A couple of questions:
1 Shouldn't the float time and the distance of the float be related to the speed over the ground?
I would think that if the body is moving at 11.11 feet per second, and is off the ground for 0.02 of a second, then the distance travelled in the float should be 11.11 x 12 x 0.02 = 2.67 inches. If he floated for a greater or lesser distance, he would be off the ground for a greater or lesser time. I don't think you can ascribe arbitrary 2 inches or 4 inches for this calculation. While in theory there would be a slight slowing while in the air, for the very short time involved, I think this can be ignored - at least for this level of analysis.
Your alternative assumption with the walker floating 4 inches in 0.02 second, would give him a speed over the ground of 16.67 feet per second while he was in the air. This is a 50% increase in speed compared with his average speed. I don't think anything like that would happen. If it did, a massive amount of energy would be involved.

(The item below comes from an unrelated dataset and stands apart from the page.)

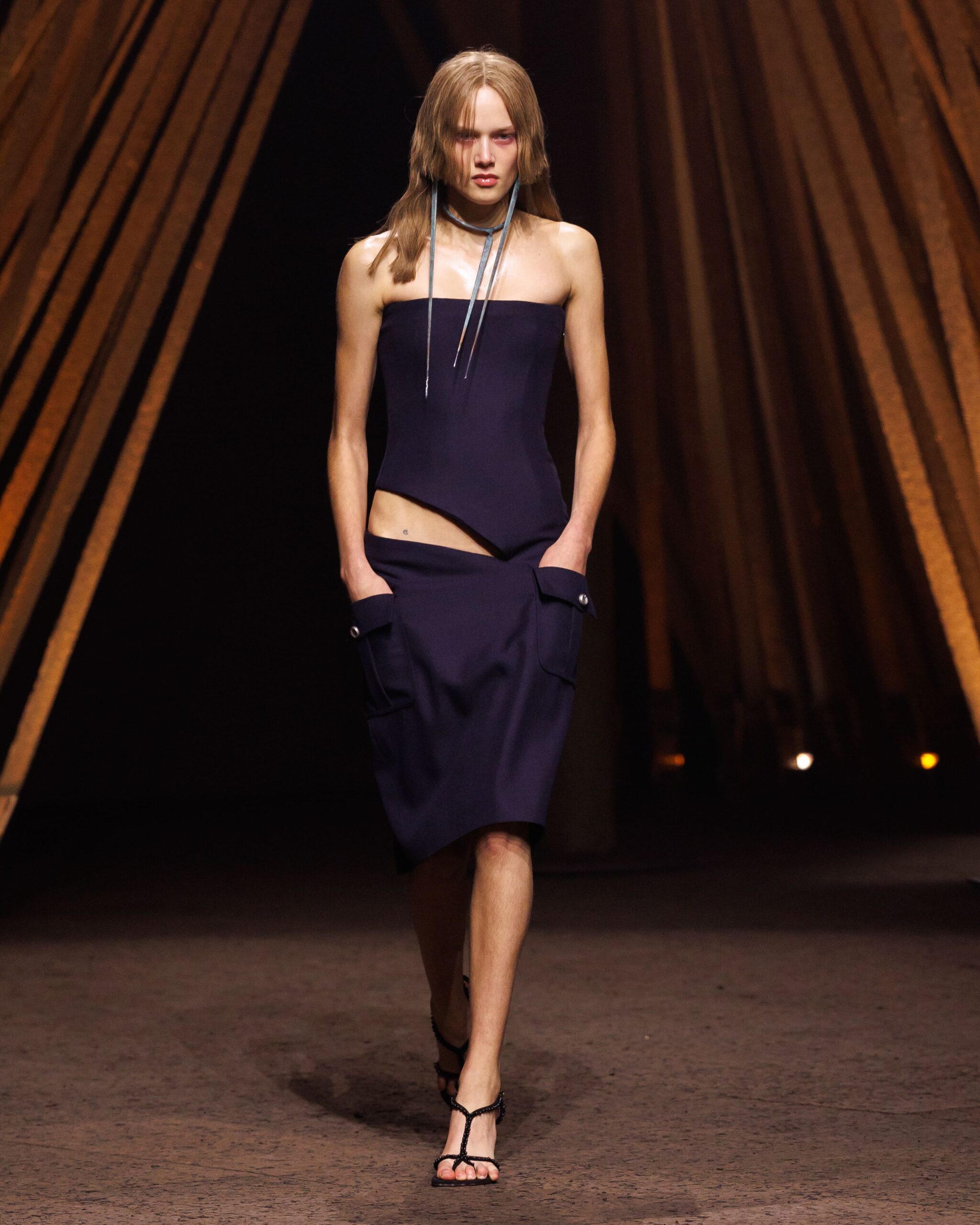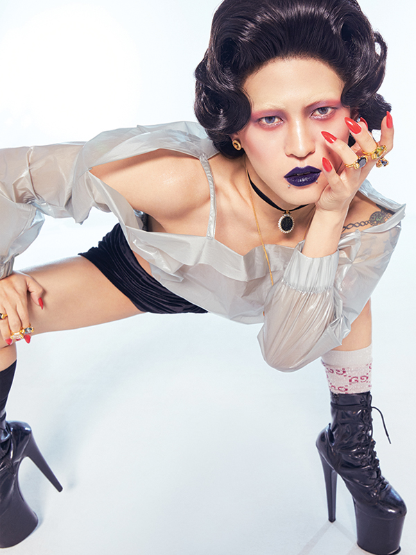 레더 코트와 팬츠는 살바토레 산토로(Salvatore Santoro), 프릴 디테일 시스루 톱은 MM6 메종 마르지엘라 by 육스(MM6 Maison Margiela by YOOX), 스틸레토 힐은 지안비토 로시(Gianvito Rossi).

2 At the start of the Energy analysis you state:
"If there is little or no extra effort (energy) to
achieve the float, then there is little to no energy penalty for the loss of
Surely, to achieve a float, it is necessary to lift the whole body mass into the air, and this must require some energy. I don't think you can ignore this. I would expect that this is the major aspect which should be taken into account.